6. We are acquiring the Securities purchased by us for our
account or for one or more accounts (each of which is an institutional
"accredited investor") as to each of which we exercise sole investment
discretion.
E-2
You and the Company are entitled to rely upon this letter and
are irrevocably authorized to produce this letter or a copy hereof to any
interested party in any administrative or legal proceeding or official inquiry
with respect to the matters covered hereby.
Very truly yours,
[Name of Transferee]
By:
----------------------------------------------
[Authorized Signatory]
E-3
EXHIBIT F
Form of Certificate To Be
Delivered in Connection
with Regulation S Transfers
---------------, ----
Wachovia Bank, National Association
0000 Xxx Xxxxxx, Xxxxx 0000
Xxxxxxx, Xxxxx 00000
Attention: Corporate Trust Department
Re: Tenneco Automotive Inc. (the "Company")
10 1/4% Senior Secured Notes due 2013,
Series A, and 10 1/4% Senior Secured Notes
due 2013, Series B (the "Securities")
Dear Sirs:
In connection with our proposed sale of $____________
aggregate principal amount of the Securities, we confirm that such sale has been
effected pursuant to and in accordance with Regulation S under the Securities
Act of 1933, as amended (the "Securities Act"), and, accordingly, we represent
that:
(1) the offer of the Securities was not made to a person in
the United States;
(2) either (a) at the time the buy offer was originated, the
transferee was outside the United States or we and any person acting on
our behalf reasonably believed that the transferee was outside the
United States, or (b) the transaction was executed in, on or through
the facilities of a designated offshore securities market and neither
we nor any person acting on our behalf knows that the transaction has
been pre-arranged with a buyer in the United States;
(3) no directed selling efforts have been made in the United
States in contravention of the requirements of Rule 903(b) or Rule
904(b) of Regulation S, as applicable;
(4) the transaction is not part of a plan or scheme to evade
the registration requirements of the Securities Act; and
F-1
(5) we have advised the transferee of the transfer
restrictions applicable to the Securities.
You and the Company are entitled to rely upon this letter and
are irrevocably authorized to produce this letter or a copy hereof to any
interested party in any administrative or legal proceedings or official inquiry
with respect to the matters covered hereby. Defined terms used herein without
definition have the respective meanings provided in Regulation S.
Very truly yours,
[Name of Transferor]
By:
--------------------------------------
[Authorized Signatory]
F-2
EXHIBIT G
[FORM OF SUBSIDIARY GUARANTEE]
Each undersigned Guarantor (as defined in the Indenture
referred to in the Security upon which this notation is endorsed and each
referred to as the "Guarantor," which term includes any successor person under
the Indenture) unconditionally guarantees on a senior basis as set forth in the
Indenture (such guarantee by the Guarantor being referred to herein as a
"Subsidiary Guarantee") (i) the due and punctual payment of the principal of and
interest on the Securities, whether at maturity, by acceleration or otherwise,
the due and punctual payment of interest on the overdue principal and interest,
if any, on the Securities, to the extent lawful, and the due and punctual
performance of all other obligations of the Company to the Holders or the
Trustee all in accordance with the terms set forth in Article Ten of the
Indenture and (ii) in case of any extension of time of payment or renewal of any
Securities or any of such other obligations, that the same will be promptly paid
in full when due or performed in accordance with the terms of the extension or
renewal, whether at stated maturity, by acceleration or otherwise.

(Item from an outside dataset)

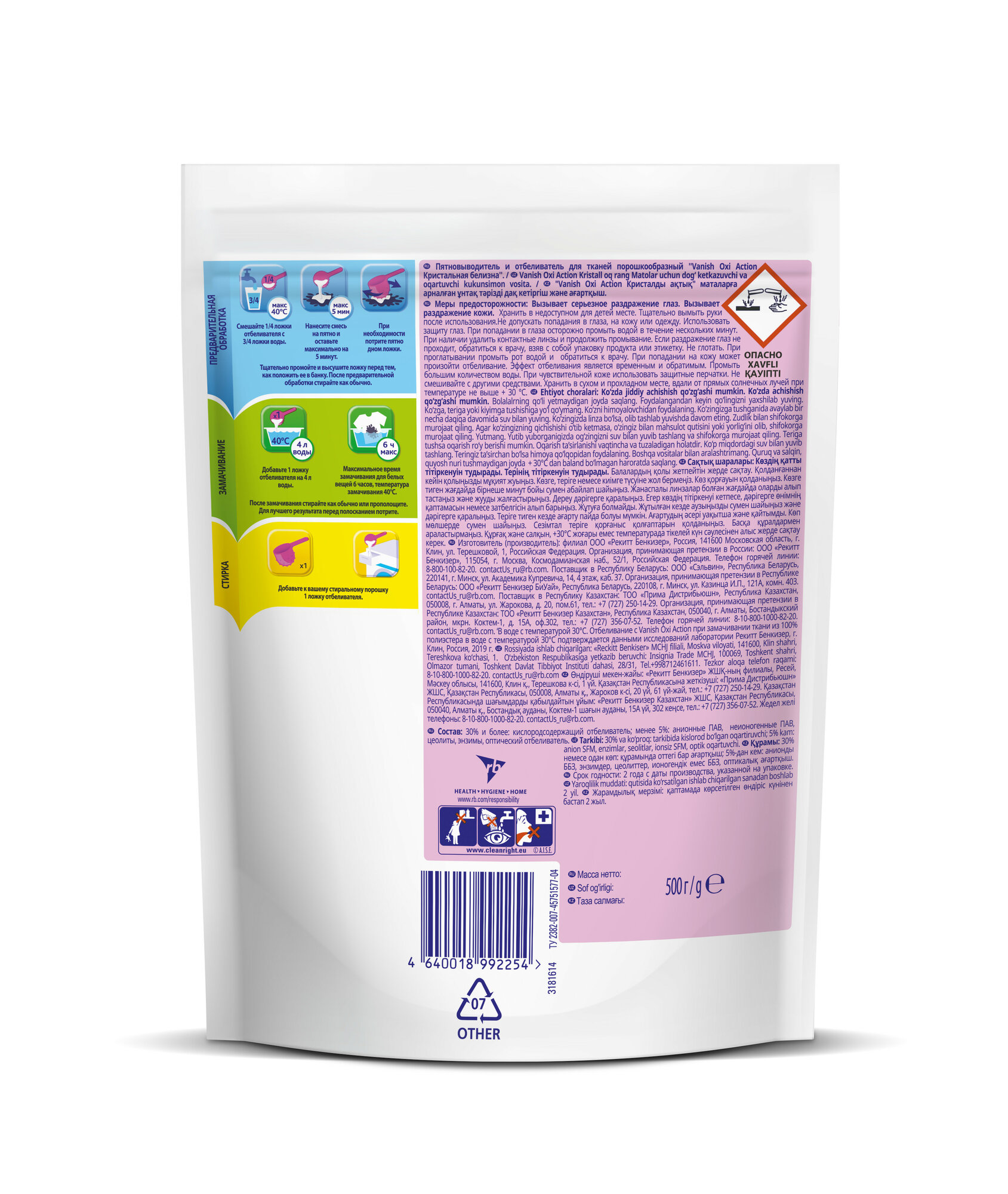 Купить Vanish пятновыводитель и отбеливатель Oxi Action Кристальная белизна 500 г в пластиковом пакете

No stockholder, officer, director or incorporator, as such,
past, present or future, of the Guarantor shall have any liability under the
Subsidiary Guarantee by reason of his or its status as such stockholder,
officer, director or incorporator.
The Subsidiary Guarantee shall not be valid or obligatory for
any purpose until the certificate of authentication on the Securities upon which
the Subsidiary Guarantee is noted shall have been executed by the Trustee under
the Indenture by the manual signature of one of its authorized officers.